Охотничий домик, заранее подготовленный егерем из местных, встретил уютом и чистотой. Впрочем, это внушительное двухэтажное строение, напоминающее небольшой санаторий, мало напоминало настоящие охотничьи избушки. Гости разложили вещи, наскоро перекусили и немного выпили. Гавриил Гаврильевич вышел на улицу и, переобувшись под длинным навесом в водонепроницаемые сапоги, уселся в отдалении, ожидая, когда же Саша, буфетчик Дома Правительства, уберет со стола остатки еды, приготовит закуску для короткого привала, и наконец можно будет отправиться побродить по окрестным полям и лесам. Местность он знал хорошо. Еще бы не знать. Всю прошлую весну таскался по ней как проклятый, возя зачастившие делегации из центра. На территории этого огромного спецзаказника охота была разрешена в любое время года. Его пышная ухоженность никогда не приедалась Гавриилу Гаврильевичу. Жаль, что нельзя всю Якутию превратить в один большой спецзаказник… И чтобы медведи, люди, зайцы, волки и косули мирно уживались друг с другом. Гавриил Гаврильевич на миг улыбнулся своим мыслям, потом снова задумался. Может, этих чинов из Москвы стоило бы повезти не на охоту, а на прогулку по реке до Ленских Столбов? Но что сделано, то сделано.

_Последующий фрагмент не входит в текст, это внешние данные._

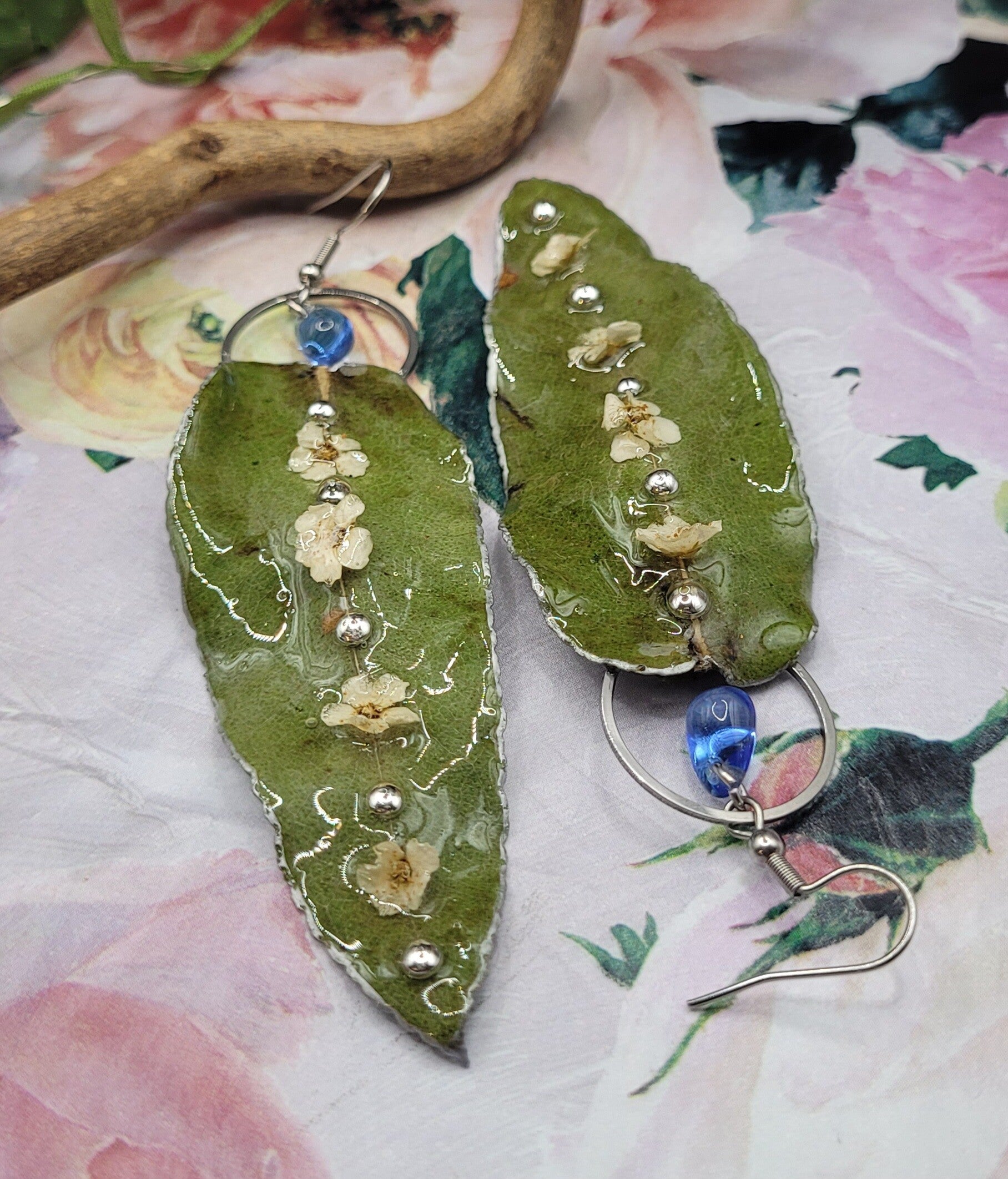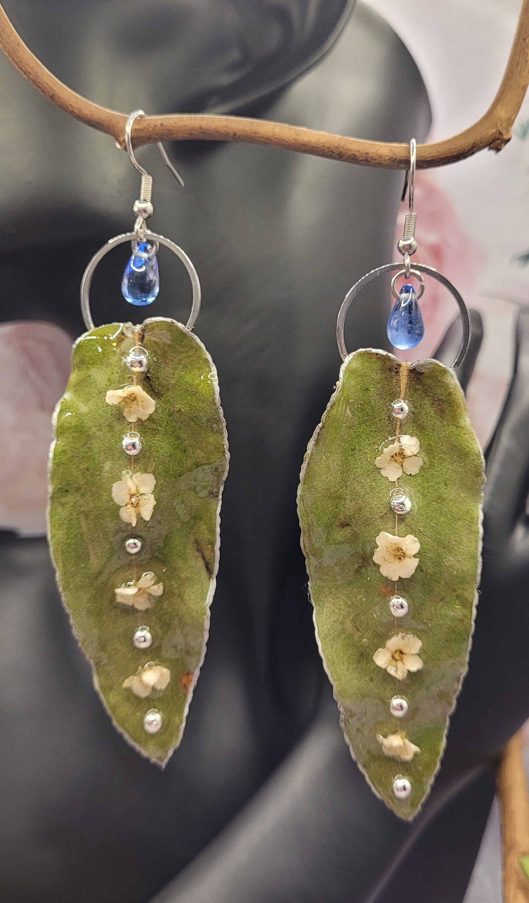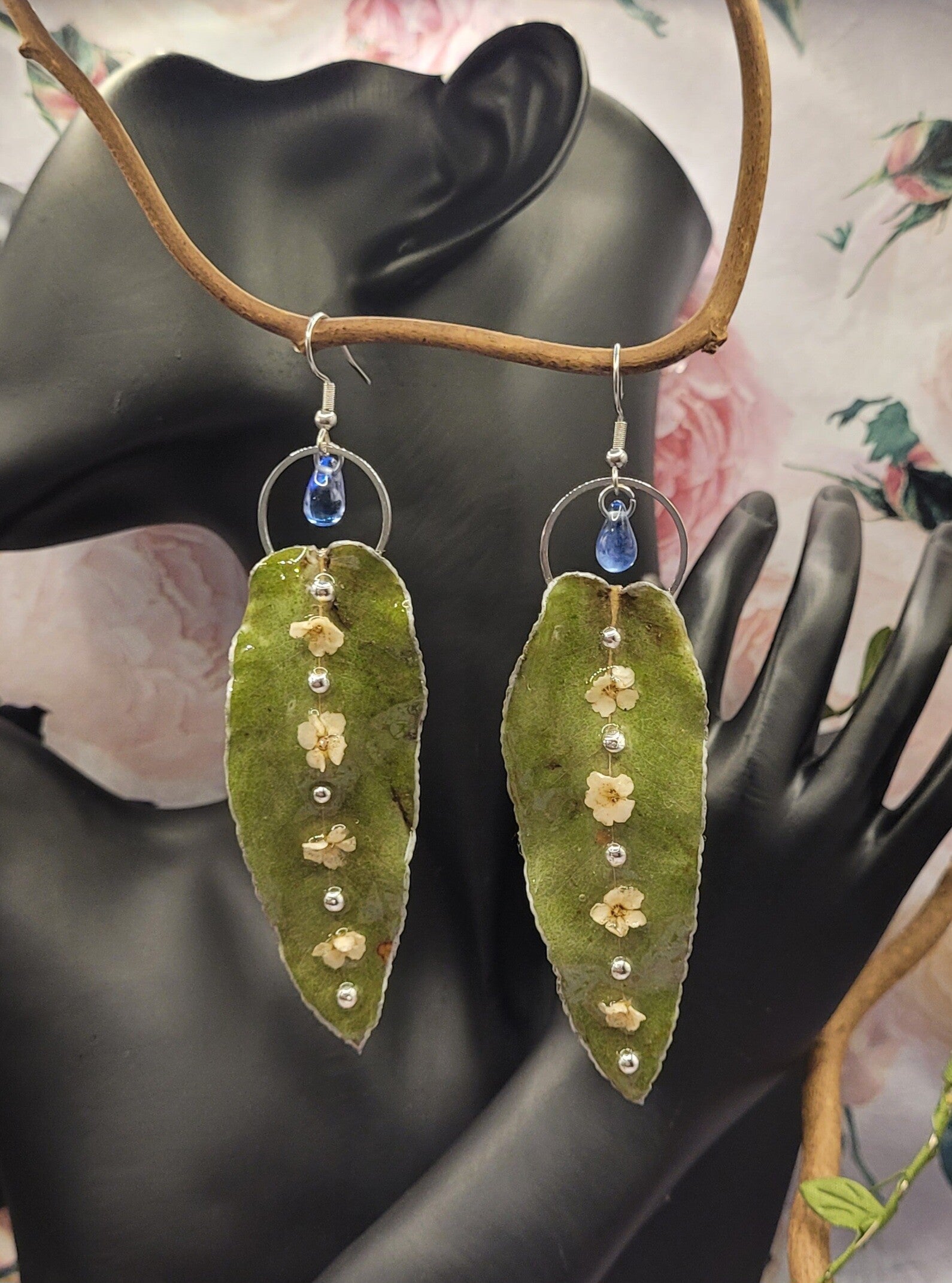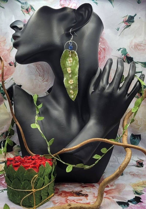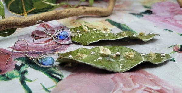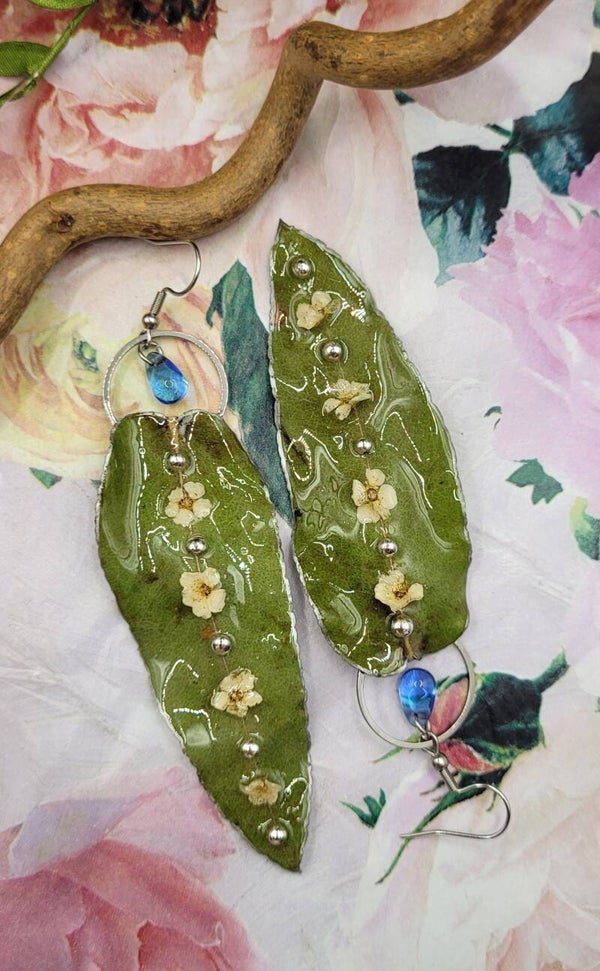 Boucles d'oreilles composées de cette longue feuille de couleur verte sur laquelle est posée 4 petites fleurs blanches et 5 demis perles argentées placées à la suite sur la nervure centrale

А один чин что-то больно неприглядный. Небольшого роста, одет кое-как, скучный. Анекдоты не травит, сплетнями столичными не делится. Вот второй, член ЦК, товарищ Петров, Анатолий Сергеевич – другое дело. Крупный, белый, с громовым голосом и раскатистым хохотом. А этот только моргает и кривит губы, думая, что улыбается. Конечно, Гавриил Гаврильевич не вчера родился и прекрасно знает, где, так сказать, трудится этот, щупленький. Только зачем ему понадобилось таскаться на охоту? Прибывшую вчера делегацию из Москвы разделили на две группы. Первая группа, возглавляемая Степаном Никифоровичем Пахомовым, куда попал и Гавриил Гаврильевич, поехала на природу. Во второй группе, которая отправилась на встречу с трудящимися в образцово-показательный совхоз, находятся деятели поважнее Петрова, при этом ни одного сотрудника органов из центра за ними не увязалось, насколько известно ему, Сатырову. Интересно получается. Неужели у вездесущих товарищей имеется такой пристальный интерес к местным руководителям? Но к кому? Вот этот, щупленький, в серой курточке, сам вчера на охоту вызвался, а теперь ходит чего-то смурной… Эх, о такой охоте раньше и не мечталось. Поймать какого-нибудь отощавшего зайчонка и то считалось большой удачей. Рассеянно следя за размеренными и четкими движениями Саши, собирающего рюкзаки, Гавриил Гаврильевич глубоко погрузился в воспоминания…


* * *


В тот год не было ни зайцев, ни другой какой дичи. То есть, была, конечно, дичь, но ее было мало. Тайга отказалась кормить своих прежде любимых детей – жителей крохотной деревеньки Мастах, расположенной на берегу реки Вилюй. Это благословенный запад Якутии, где время течет медленно, а земля сочится теплым медом. Мать с раннего утра уходила на работу, за что получала жалкие трудодни. Запасов муки было очень мало – в прошлом году поймали, как какого-то преступника, единственного оставшегося в деревне мужчину, однорукого Бааску, за то, что раздал остатки зерна, предназначенного для посева, умирающим от голода односельчанам. Поймали и отправили в лагеря. Бааска был хорошим председателем колхоза…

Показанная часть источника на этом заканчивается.